The drawing shows a version of the loop-the-loop trick for a small car. If the car is given an initial speed of 4.2 m/s, what is the largest value that the radius r can have if the car is to remain in contact with the circular track at all times?
To determine the largest value that the radius r can have for the car to remain in contact with the circular track, we need to analyze the forces acting on the car at the highest point of the loop-the-loop.
At the highest point, the car experiences the following forces:
1. Gravitational force (mg) acting downward.
2. Normal force (N) acting perpendicular to the track.
3. Centripetal force (F_c) acting inward toward the center of the circular path.

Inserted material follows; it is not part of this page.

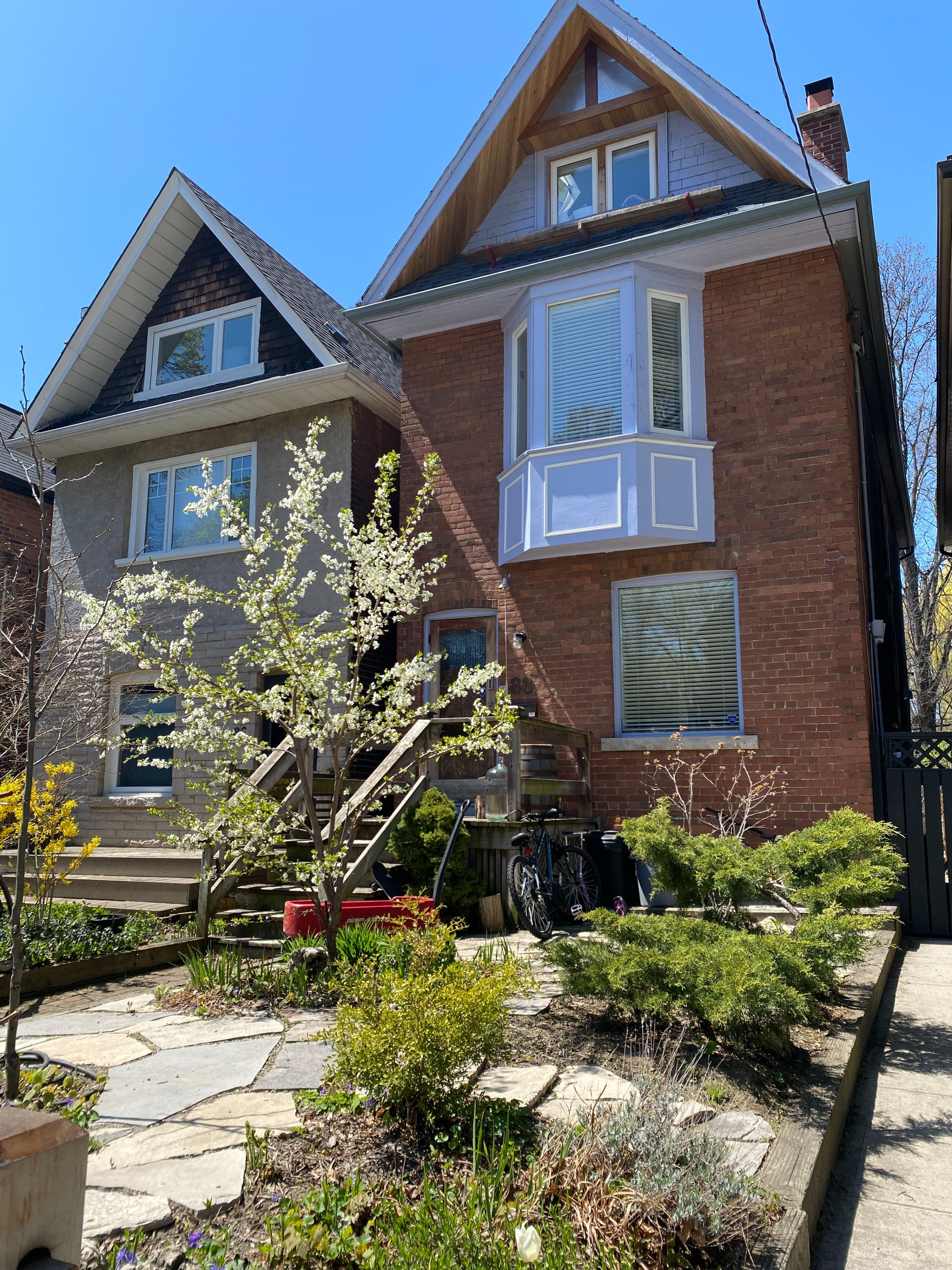 Welcome to 88 prust an updated, detached gem in the heart of leslieville. This impressive 2. 5-storey home is tucked away on one of the neighbourhood's most cherished tree-lined streets and offers the perfect blend of charm, character, and modern living. A beautifully landscaped front yard with interlocking stone and a plum tree creates wonderful curb appeal and a warm welcome home. Inside, the open-concept main floor is designed for effortless entertaining, featuring seemless flow between the living and dining spaces. At its heart, a cozy wood-burning fireplace creates a warm and inviting atmosphere for gatherings with family and friends. The second floor offers two well-proportioned bedrooms, while the third floor boasts a stunning loft-style space with cathedral ceilings and a walk-out to an oversized private deck overlooking the backyard, ideal as a primary retreat, office, or additional living area. A separate entrance to the finished basement provides potential for extra rental income or an in-law suite. Enjoy outdoor living with a custom brazilian hardwood deck that overlooks a lush, private, fully enclosed garden, perfect for relaxing or entertaining. Located close to excellent schools, parks, and the vibrant shops, cafés and amenities of leslieville. This home offers an exceptional lifestyle with everyday convenience on a quiet, family-friendly street. Blake street public school features a well-established french immersion program, now in its 10th year. Just steps to the trendy jones & gerrard corridor and popular local spots like left field brewery. Enjoy nearby greenwood park, offering year-round programming including swimming, skating, a figure-eight skating trail, shinny hockey, a dog park, and a playground.

For the car to remain in contact with the track, the sum of these forces at the highest point must be equal to or greater than zero.
The gravitational force and the normal force can be calculated as follows:
Gravitational force: mg,
Normal force: N = mg.
The centripetal force acting inward is given by:
F_c = m(v^2 / r),
where m is the mass of the car, v is the car's velocity, and r is the radius of the circular track.

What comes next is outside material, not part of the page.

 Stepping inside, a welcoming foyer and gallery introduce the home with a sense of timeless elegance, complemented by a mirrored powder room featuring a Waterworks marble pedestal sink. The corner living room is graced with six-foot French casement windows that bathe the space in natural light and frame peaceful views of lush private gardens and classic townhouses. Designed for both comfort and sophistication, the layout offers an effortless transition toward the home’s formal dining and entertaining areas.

By setting the sum of these forces equal to zero, we can solve for the maximum radius r:
mg + mg - m(v^2 / r) ≥ 0.
Combining like terms, we get:
2mg - m(v^2) / r ≥ 0.
Simplifying further:
2mg ≥ m(v^2) / r.
The mass m cancels out from both sides, leaving us with:
2g ≥ v^2 / r.
Rearranging the equation to solve for r, we get:
r ≥ v^2 / (2g),
where g is the acceleration due to gravity (approximately 9.8 m/s^2).

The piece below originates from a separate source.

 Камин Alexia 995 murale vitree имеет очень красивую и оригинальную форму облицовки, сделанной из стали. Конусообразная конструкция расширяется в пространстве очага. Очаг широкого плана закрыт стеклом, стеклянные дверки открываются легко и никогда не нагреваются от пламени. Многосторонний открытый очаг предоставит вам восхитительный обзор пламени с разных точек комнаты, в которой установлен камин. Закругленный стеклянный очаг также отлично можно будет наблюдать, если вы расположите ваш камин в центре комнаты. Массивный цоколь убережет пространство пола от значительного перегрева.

Plugging in the values given:
v = 4.2 m/s,
g = 9.8 m/s^2,
We can calculate the largest value of r:
r ≥ (4.2^2) / (2 * 9.8).
Evaluating the equation:
r ≥ 1.764 / 19.6.
Calculating the result:
r ≥ 0.09 m.
Therefore, the largest value that the radius r can have for the car to remain in contact with the circular track at all times is approximately 0.09 meters.